### STORED DATA ###

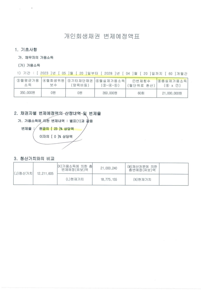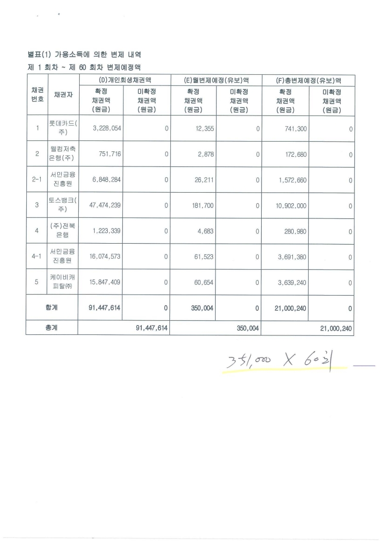 월 변제금 : 350,000 원
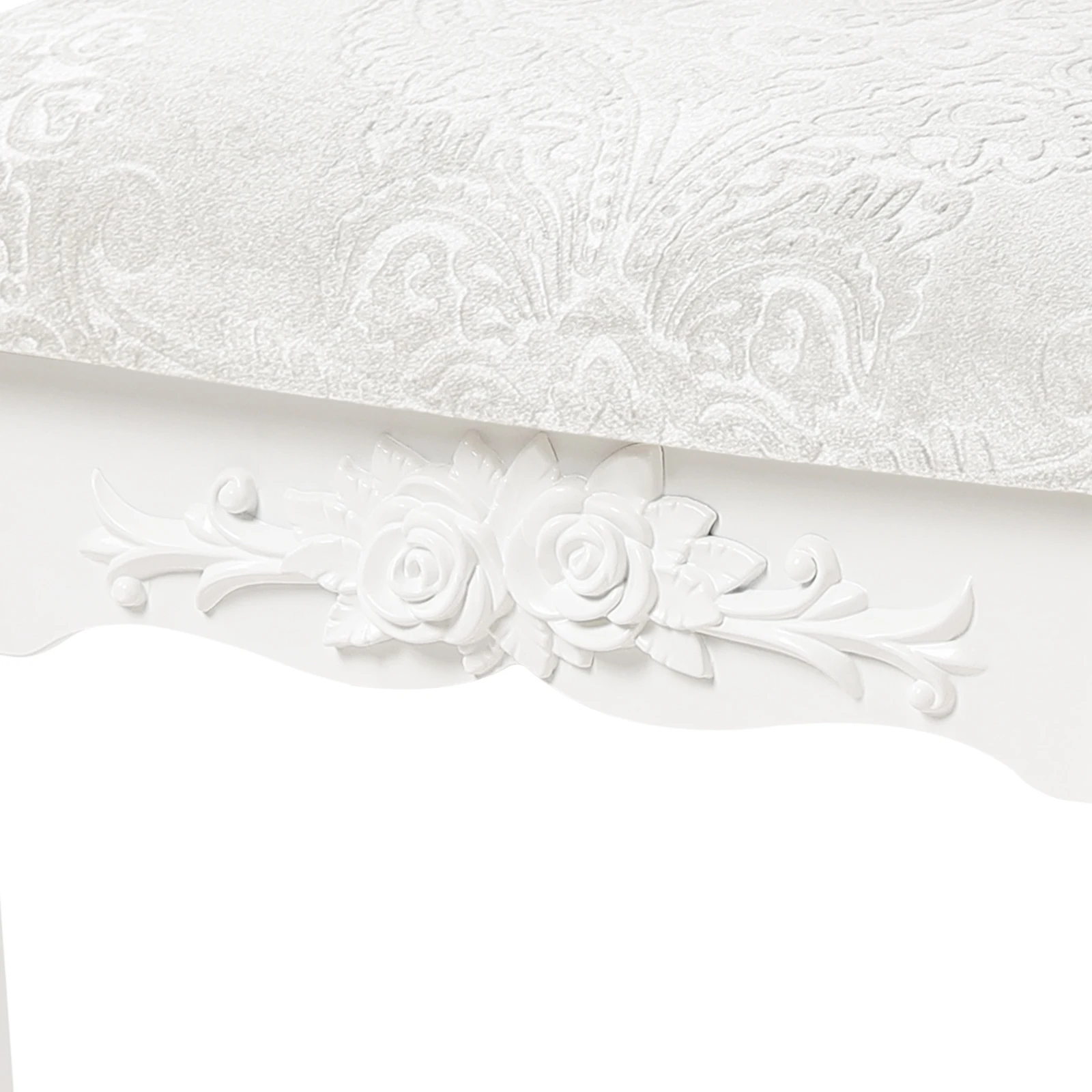 WOLTU 1PC Sgabello da toeletta Sgabello da trucco imbottito vintage in stile barocco Sedia da toeletta bianca crema per soggiorno camera da letto
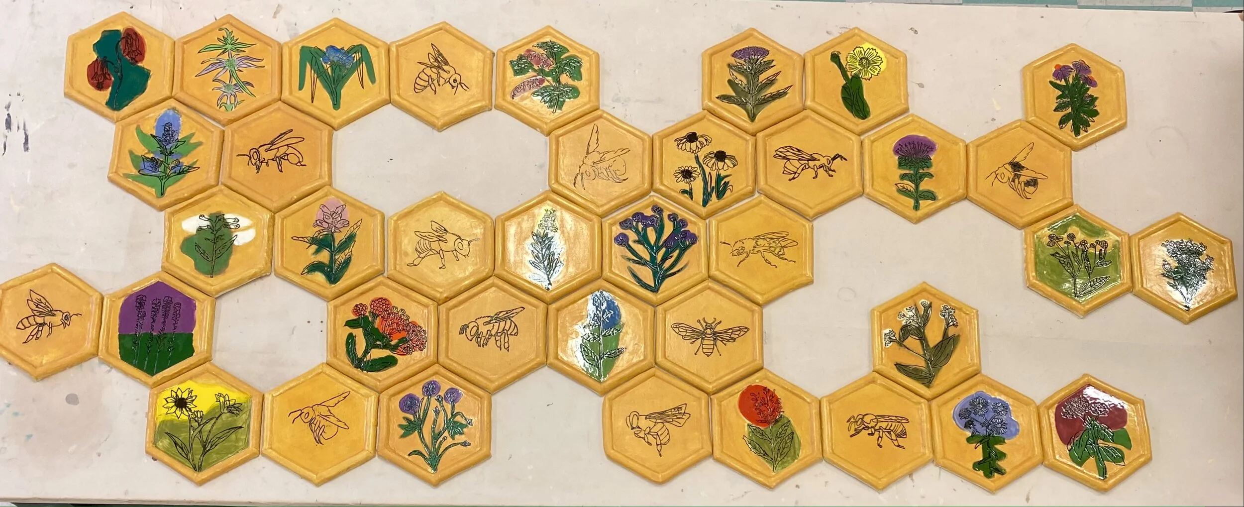Students in my Art for a Changing World: Studies in Environmental Art—a course as the Humanities component of the Connective Experience, “Web of Life”—created a ceramic tile art installation to bring awareness to the decline of bees populations due to pesticides, drought, habitat destruction, nutrition deficit, air pollution, and global warming. The students created hexagon shaped tile pieces to form a bee hive effect once installed. Bright colors of native wildflowers of Pennsylvania were painted on the leather hard clay surface and wax resist was applied over that. Then the students traced outlines of flowers over top creating and embossed line. The line was then removed to reveal the raw clay underneath. Black underglaze was applied to the lines and cleaned with a sponge leaving just the outline of the flower. I applied a clear glaze later.
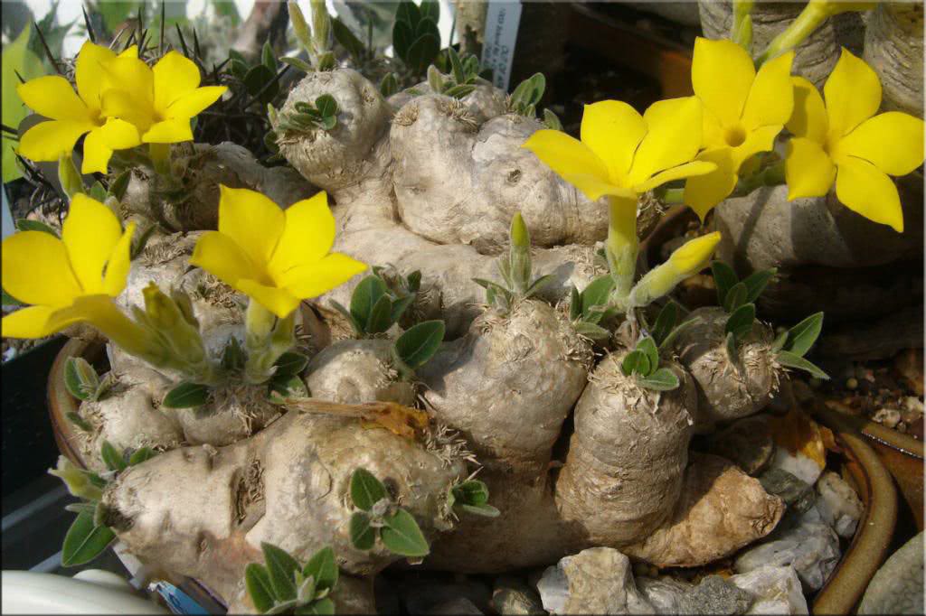 Еще будучи молодым растеньицем, пахиподиум хоромбензе интенсивно ветвится, причем его веточки нередко растут из нижнего утолщения ствола. Цветет он весьма эффектно, у него большие цветы желтой окраски, образующие кистеобразные соцветия. При посадке семян пахиподиума данной разновидности ждать периода цветения можно через 24–48 месяцев.

###

WHAT IS REQUIRED: The material above holds pictures; leave them out and set down exactly the lines from the line with "WOLTU 1PC Sgabello" to the line with "Students in my", both included.

FINAL ANSWER:
 WOLTU 1PC Sgabello da toeletta Sgabello da trucco imbottito vintage in stile barocco Sedia da toeletta bianca crema per soggiorno camera da letto
Students in my Art for a Changing World: Studies in Environmental Art—a course as the Humanities component of the Connective Experience, “Web of Life”—created a ceramic tile art installation to bring awareness to the decline of bees populations due to pesticides, drought, habitat destruction, nutrition deficit, air pollution, and global warming. The students created hexagon shaped tile pieces to form a bee hive effect once installed. Bright colors of native wildflowers of Pennsylvania were painted on the leather hard clay surface and wax resist was applied over that. Then the students traced outlines of flowers over top creating and embossed line. The line was then removed to reveal the raw clay underneath. Black underglaze was applied to the lines and cleaned with a sponge leaving just the outline of the flower. I applied a clear glaze later.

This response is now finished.